Di era konsumerisme modern, di mana keinginan seringkali melebihi kebutuhan, pesantren menawarkan sebuah oase di mana santri secara langsung belajar kesederhanaan atau qana’ah. Konsep qana’ah adalah sikap merasa cukup dengan apa yang dimiliki dan ridha terhadap pemberian Allah, jauh dari sifat serakah dan berlebihan. Melalui gaya hidup komunal yang sederhana, pesantren menjadi laboratorium nyata untuk belajar kesederhanaan ini, menanamkan nilai-nilai yang akan menjadi bekal berharga sepanjang hidup. Dengan belajar kesederhanaan dari lingkungan ini, santri diharapkan memiliki jiwa yang lebih tenang dan bersyukur.
Kehidupan santri di pesantren sangat jauh dari kemewahan. Mereka tinggal di asrama dengan fasilitas seadanya, seringkali berbagi kamar dengan banyak teman. Makanan yang disajikan biasanya sederhana, cukup untuk memenuhi kebutuhan gizi tanpa ada pemborosan. Pakaian yang mereka kenakan juga seragam dan tidak mencolok, menghilangkan keinginan untuk tampil menonjol secara materi. Semua ini adalah bagian dari kurikulum tidak tertulis yang bertujuan untuk melatih santri agar tidak terlalu terikat pada hal-hal duniawi dan fokus pada esensi kehidupan. Sebuah studi yang diterbitkan oleh Jurnal Pendidikan Islam Nusantara pada Mei 2025 menunjukkan bahwa santri yang lama tinggal di pesantren memiliki tingkat kepuasan hidup yang lebih tinggi meskipun dengan fasilitas terbatas, berkat penerapan qana’ah.
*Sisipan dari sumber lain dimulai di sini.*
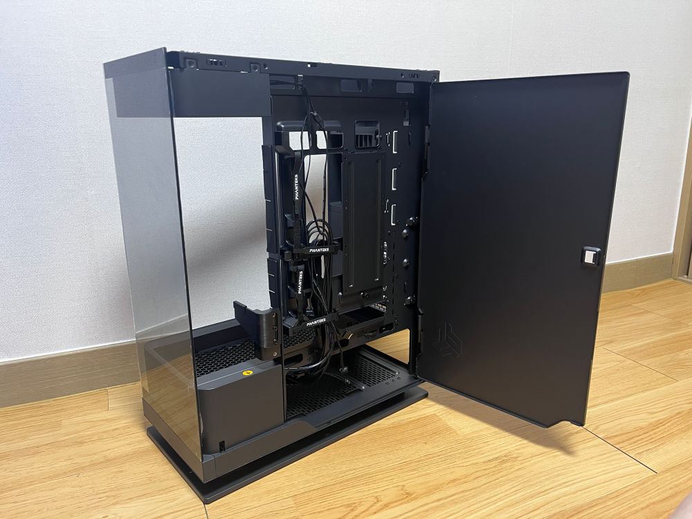 우측사이드 패널의 경우 강화유리로 되어있는 점은 동일하나. X2와 다르게 케이스 자체의 별도의 패널이 없고. 오직 사이드 패널로 케이블을 가릴 수 있게 바뀌었다.
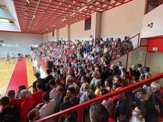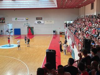 Già ben prima delle 18 in tanti si sono assicurati il posto per poter abbracciare i biancorossi del neo coach Herman Mandole. Che è sceso sul parquet e al microfono, in mezzo al campo, ha detto rivolto al popolo biancorosso: «Sono contento che siate qui, grazie a voi ci aspetta una stagione meno complicata quando giocheremo in casa». Applausi.
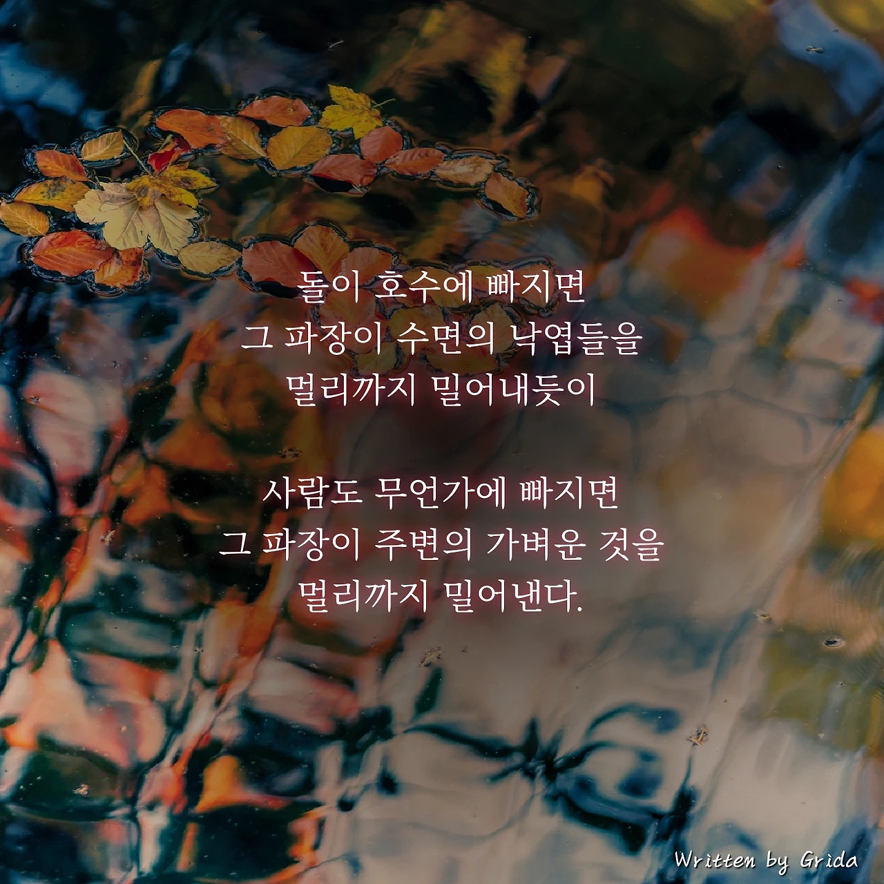 요즘은 매일이 즐겁다. 내가 행복을 느끼는 것들에 집중하고, 사랑하고 싶은 것들을 사랑하니, 안개가 낀 것처럼 산만했던 내 삶이 가을 하늘과 같이 선명해지는 느낌이 든다. 돌이 호수에 빠지면 그때 생긴 파장이 수면의 낙엽들을 멀리까지 밀어내지 않던가? 그처럼 지금 나 역시도 내가 좋아하는 것에 깊이 빠지니, 주변의 자질구레한 것들을 멀리까지 밀어내고 오직 하나만 바라보게 되었다.
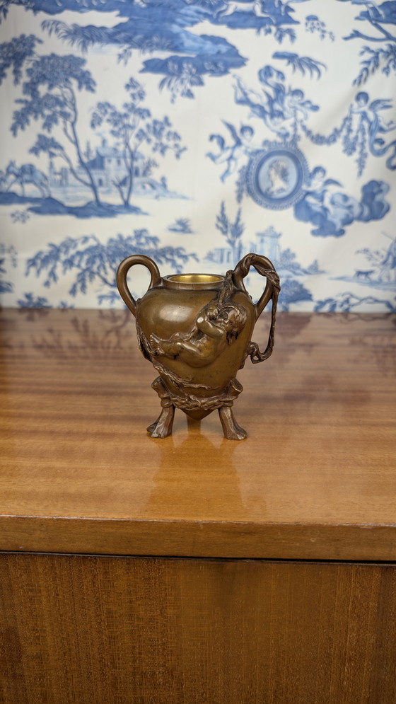 Piccolo vaso a treppiede firmato Barrias e Barbedienne in bronzo dorato Art Nouveau, fine XIX secolo
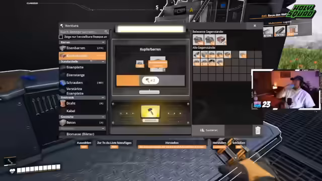 00:41:48Nachdem der Ressourcenscanner verloren ging, suchen sie manuell nach Kupfererz und Kalkstein. Sie bauen erste Minen und Schmelzöfen. Der Streamer stellt Konzepte wie Förderbänder und Automatisierung vor, während Mario gelegentliche Schwierigkeiten beim Bauen hat. Gemeinsam legen sie den Grundstein für eine halbautomatische Produktion.
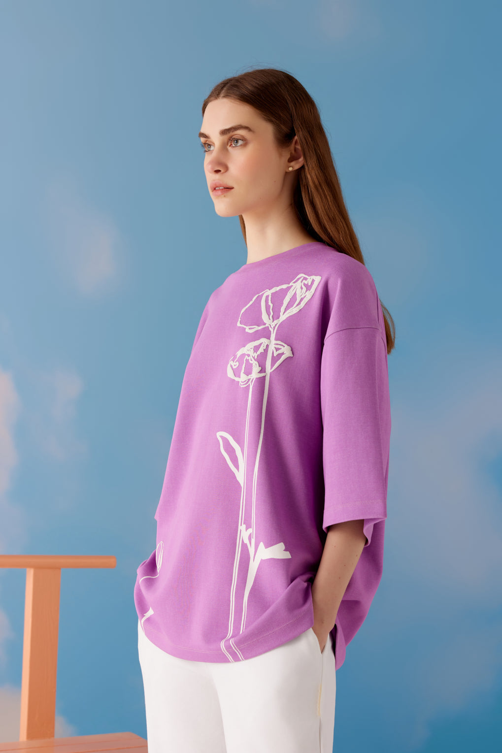 Shop this stunning 3D printed tee, adorned with beautifully placed florals perfectly proportioned for an eye-catching look.
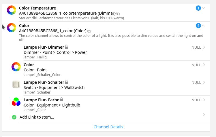 The Item “Color” (lampe1_Schalter_Color) from the channel “Color” is building by OpenHab, the other 3 Items (lampe1_helligkeit, lampe1_Schalter,…) are defined in a item-File- you can see it on the attached file: lampeZigbee.items.txt (830 Bytes)
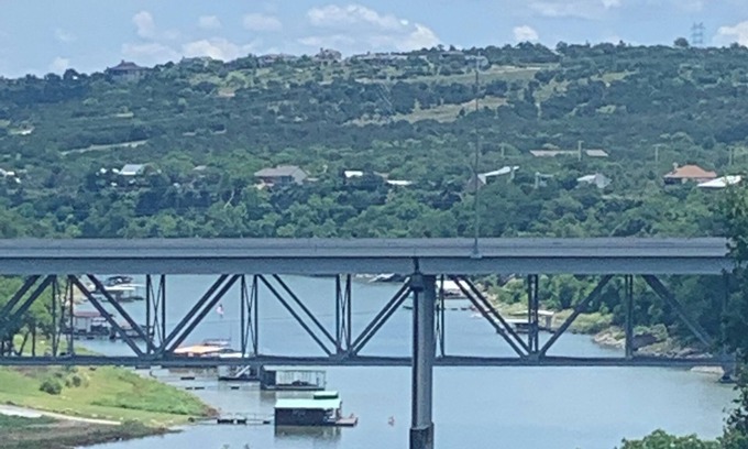 Discover the beauty of Spicewood from this three bedroom house with a view of the Pedernales River and bridge. The home has one king bed in the master, one queen bed in the second bedroom, and one bunk bed (single over double)in the other bedroom. The master bath features two sinks, walk in closet and deep free standing soaking tub. The two bedrooms at the opposite end of the home feature a Jack and Jill with individual vanities. Plus, there's an office space with a sofa bed for extra comfort. Relax on the 1400 square foot back porch and enjoy the beautiful sunrise or in the evening to watch the sun illuminate the bridge above the water. We'll be available to answer any questions while you stay at our place.
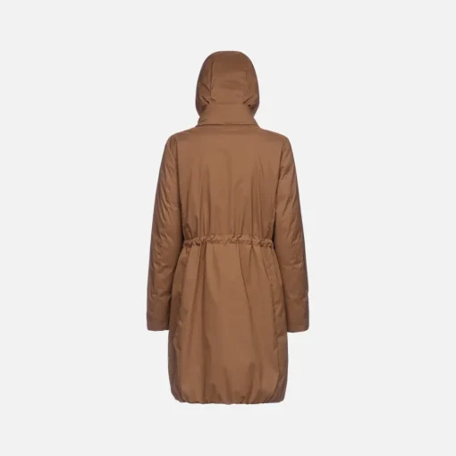 Veste longue pour femme matelassée, moderne et fonctionnelle, au look décontracté chic. Décliné ici dans une irrésistible version marron brûlé, le modèle Eleana est réalisé en polyester doux à l’aspect mat, avec une doublure intérieure matelassée et de couleur contrastée. Doté d’une capuche amovible, de trois poches intérieures pratiques et d’un cordon qui permet de souligner le tour de taille, ce manteau est idéal aussi bien en ville qu’en voyage.
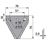 Kivitel: fogazott Szélesség (b): 76 mm Magasság (h): 75 mm Furattáv (la): 51 mm Furattáv 2 (la2): 10 mm Lyukátmérő: 5,5 mm Lyukátmérő 2: 10 mm Süllyesztett szegecsfurat: nem Vastagság (s): 2 mm Kivitel: fogazott Szélesség (b): 76 mm Magasság (h): 75 mm

Sikap qana’ah juga diajarkan melalui pelajaran akhlak dan tasawuf. Santri dibimbing untuk memahami bahwa kebahagiaan sejati tidak terletak pada banyaknya harta atau kemewahan, melainkan pada ketenangan hati dan rasa syukur. Mereka diajarkan untuk menghargai setiap rezeki yang diberikan Allah, sekecil apapun itu. Misalnya, dalam budaya makan di pesantren, santri diajarkan untuk tidak menyisakan makanan dan menghabiskan porsi yang telah diambil, sebagai bentuk syukur dan menghindari pemborosan. Ini adalah praktik nyata dari belajar kesederhanaan yang diajarkan setiap hari.
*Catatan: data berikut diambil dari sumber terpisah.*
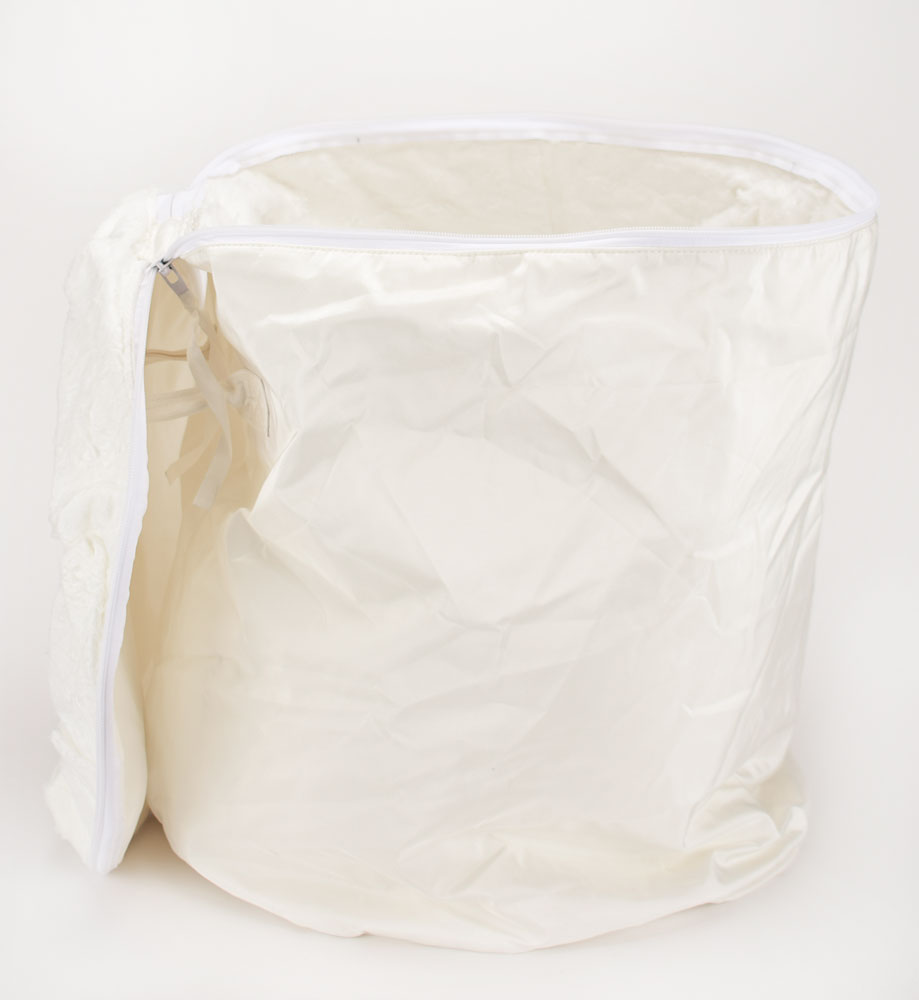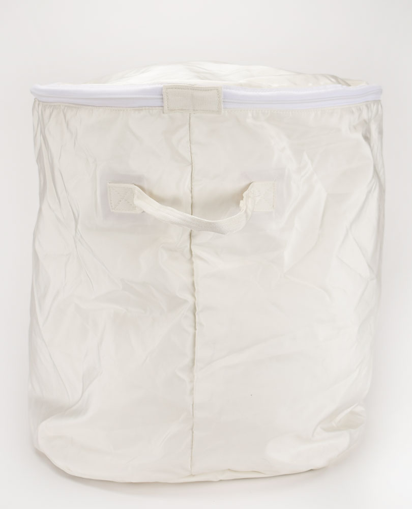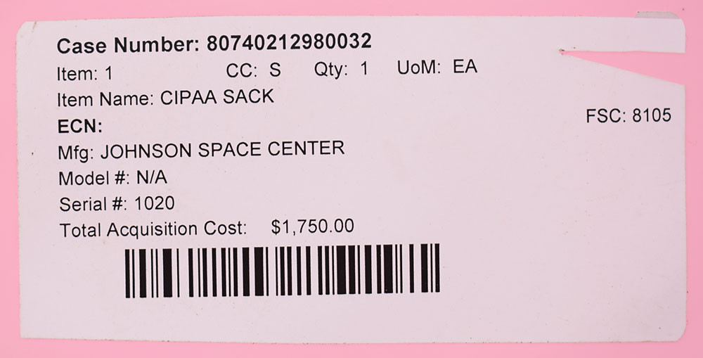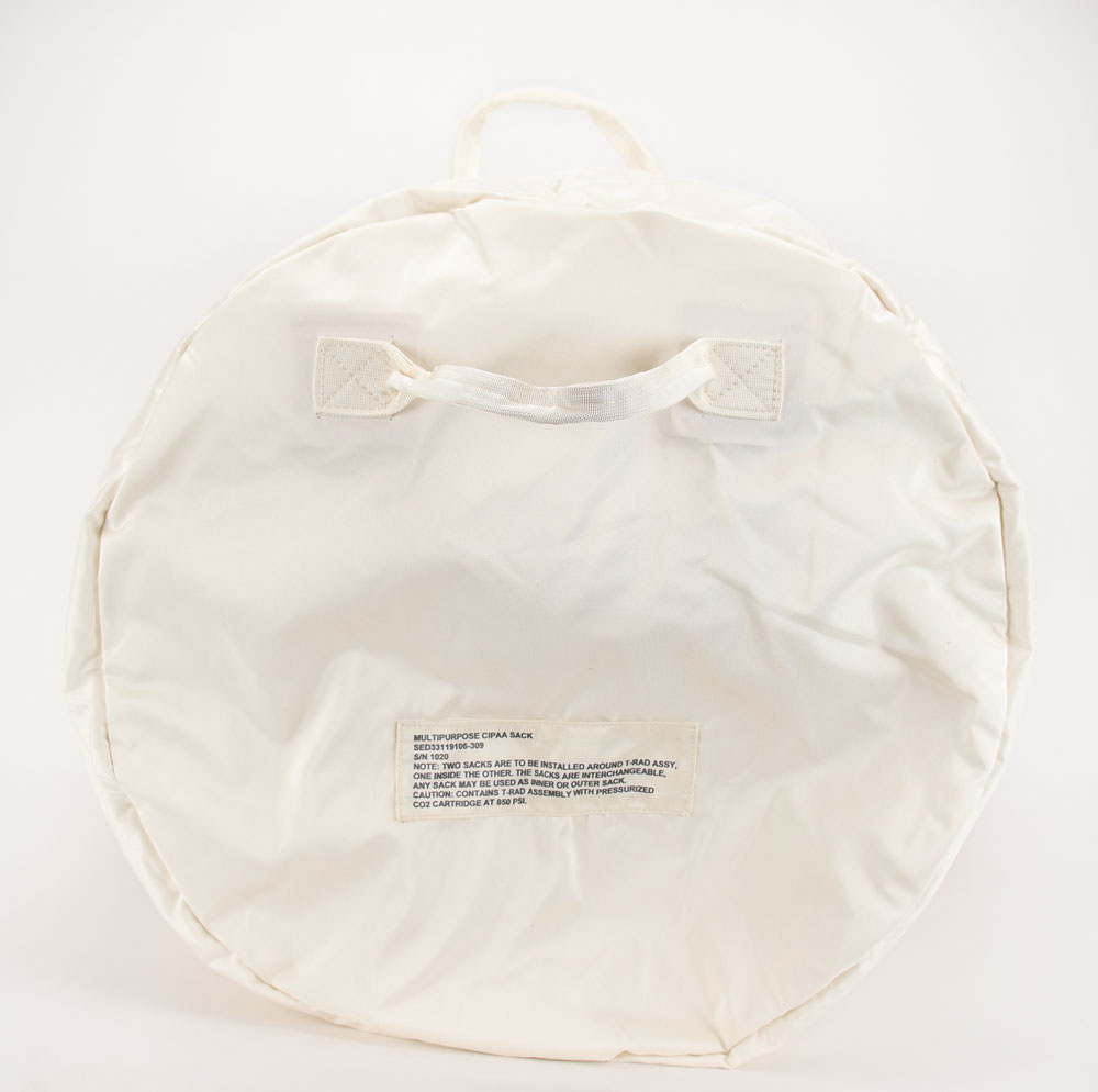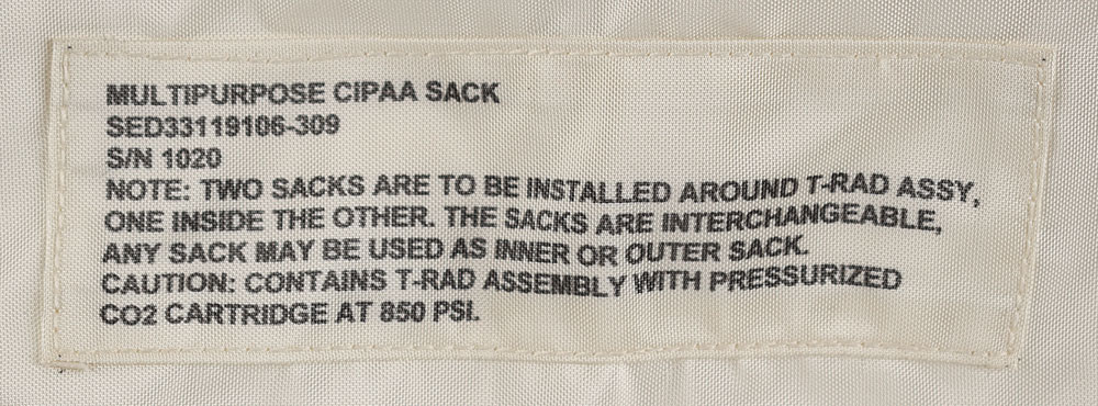 White mulitpurpose Cure In Place Ablator Applicator (CIPAA) sack, measuring approximately 23″ long and 18″ in diameter, with a tag sewn at one end: "Multipurpose CIPAA Sack, SED33119106-309, S/N 1020, Note: Two sacks are to be installed around T-RAD Assy, one inside the other. The sacks are interchangeable, any sack may be used as inner or outer sack." The duffel-style sack is zippered at one end and has two nylon handles. Includes the NASA-JSC cleaning bag with JSC Project Parts tag. In fine condition.

Selain itu, kemandirian yang diajarkan di pesantren juga turut mendukung belajar kesederhanaan. Santri belajar untuk mencukupi kebutuhan dasar mereka sendiri dengan sumber daya yang terbatas. Mereka tidak bergantung pada fasilitas mewah atau bantuan instan, melainkan belajar untuk kreatif dan adaptif. Ketiadaan gawai atau hiburan modern secara berlebihan juga mendorong mereka untuk mencari kebahagiaan dari hal-hal yang lebih substansial, seperti belajar, beribadah, dan berinteraksi dengan sesama.
Dengan demikian, pesantren, melalui gaya hidup dan kurikulumnya, secara efektif membimbing santri untuk belajar kesederhanaan dan mengembangkan jiwa qana’ah. Hal ini menciptakan pribadi-pribadi yang bersyukur, mandiri, tidak mudah mengeluh, dan memiliki pandangan hidup yang positif, sebuah bekal tak ternilai untuk menghadapi kompleksitas dunia modern dengan hati yang tenang.